What are your long-term and short term goals for your business ?

Veteran entrepreneur Celeste Hilling, CEO and founder of 10-year-old lifestyle company Skin Authority, stumped me with this question a few weeks ago, but she definitely left me with something to think about. When I started Deborah Mitchell Media Associates a few years ago, I was primarily concerned about getting it up and running, but Hilling explained that an exit strategy should be a part of every business plan.

“At the start of your venture, have a plan for how you want to exit or transition from the business. This will help you be clear in your focus, share a clear vision for your staff and navigate times when you are confused,” Hilling says. “You can use the end game as your compass. Does this decision put you within reach of your end goal? Do you want to sell the business to a public company, use it to produce cash for your lifestyle or create a legacy for your children’s future? This decision will help direct your path in channels, distribution, brand profile, partnerships, media, etc.”

It turns out, without a detailed exit strategy, I have been working harder, not smarter, with no real plan for the end. Over the years, I have made several changes in terms of the vision for my business, an evolution that is not uncommon.

“This is very normal. Laura and I started DigitalFlash about five years ago and have narrowed the focus many times over the years,” says Sara Walker-Santana, co-founder of the digital agency DigitalFlash. “In the beginning, you want to say ‘yes’ to everything, but over time you realize this can hurt your business more than help it.”

Saying yes to everything is often tempting, especially when you are trying to grow a business. But saying no and offering a defined set of services could be a better route to go.

Walker-Santana says that “finding the one or two things your company excels at and that you enjoy doing, most of the time, is the way to go. You and your clients will be happier.”

Need help refocusing your business?
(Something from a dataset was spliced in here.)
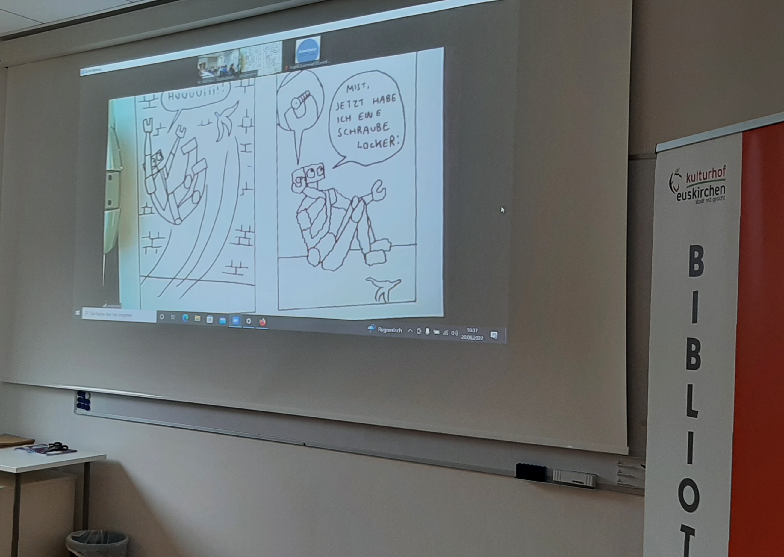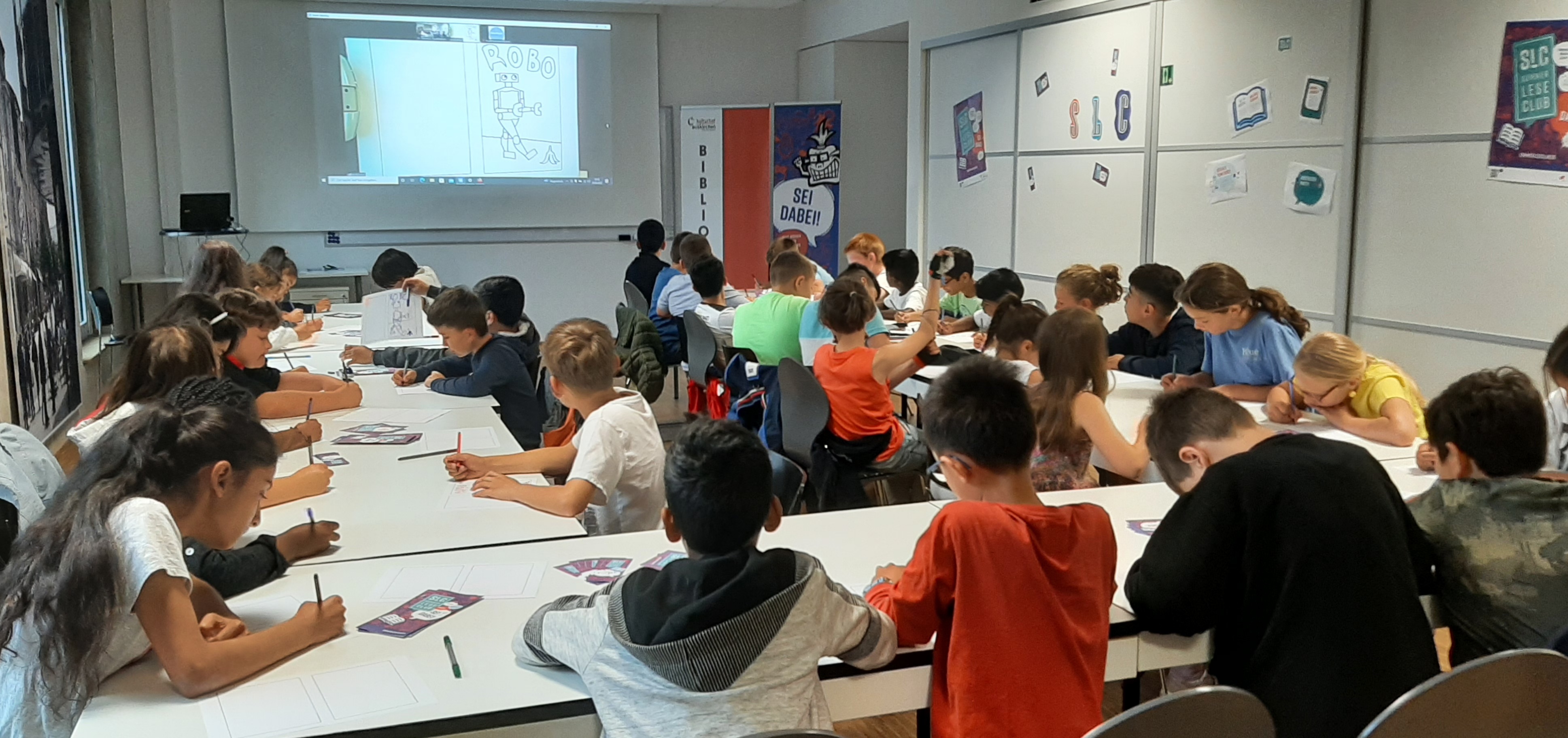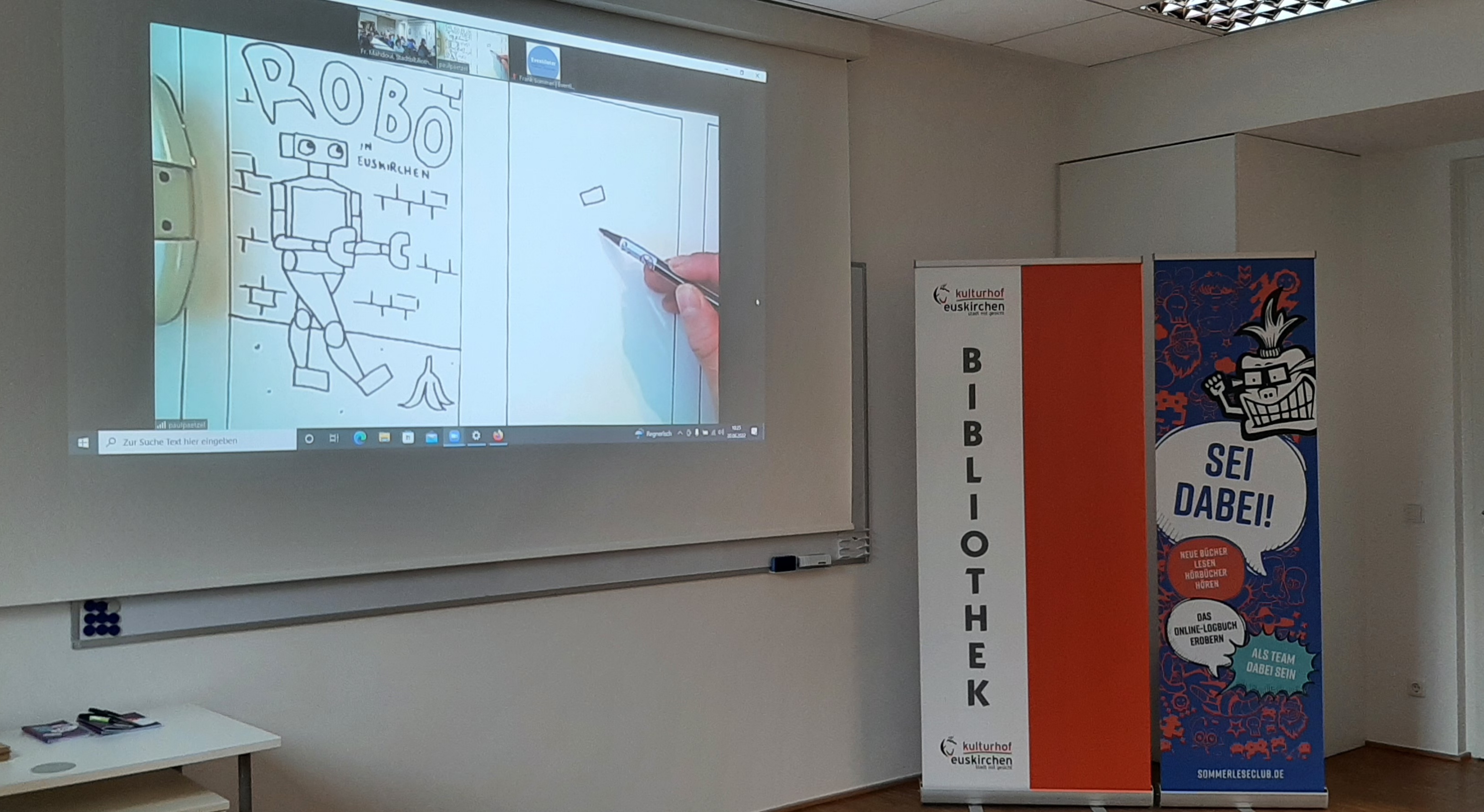 Per Stream-Übertragung konnten die Kinder die ganze Zeit Paul Paetzel beim Gestalten von Robo über die Schulter schauen und jede Linienführung ganz genau mitmachen.

Consider hiring a business coach and explain that you are interested in also developing an exit strategy for both the short and long term. In the meantime, Hilling shared a few tips for any business person planning an exit strategy:

1. Reassess your business.

Have a six-month plan. Again, what is the end goal for your business? Do you want to sell it or go public? With your exit strategy in mind, reassess your business every six months.

2. Is your goal still relevant?

As social media and technology make data available in real time, the business landscape is quickly changing. Are all of the indicators driving toward your end goal? What has changed? Is your goal still relevant to the competitive landscape?

3. How is your brand appeal?

Test your customers, suppliers and partners for their perceptions of your brand and standing. Use the data you collect as input, but factor in your gut perceptions and perspective for the final decision.

“There’s nothing quick about being an overnight sensation. However long you think it will take, double it. Whatever cost you think, double it,” Hilling says. “Don’t be surprised that it will take you at least five years, eight to 10 years on the average, to get to the end game. Make sure you have staying power in both cash and positive motivation.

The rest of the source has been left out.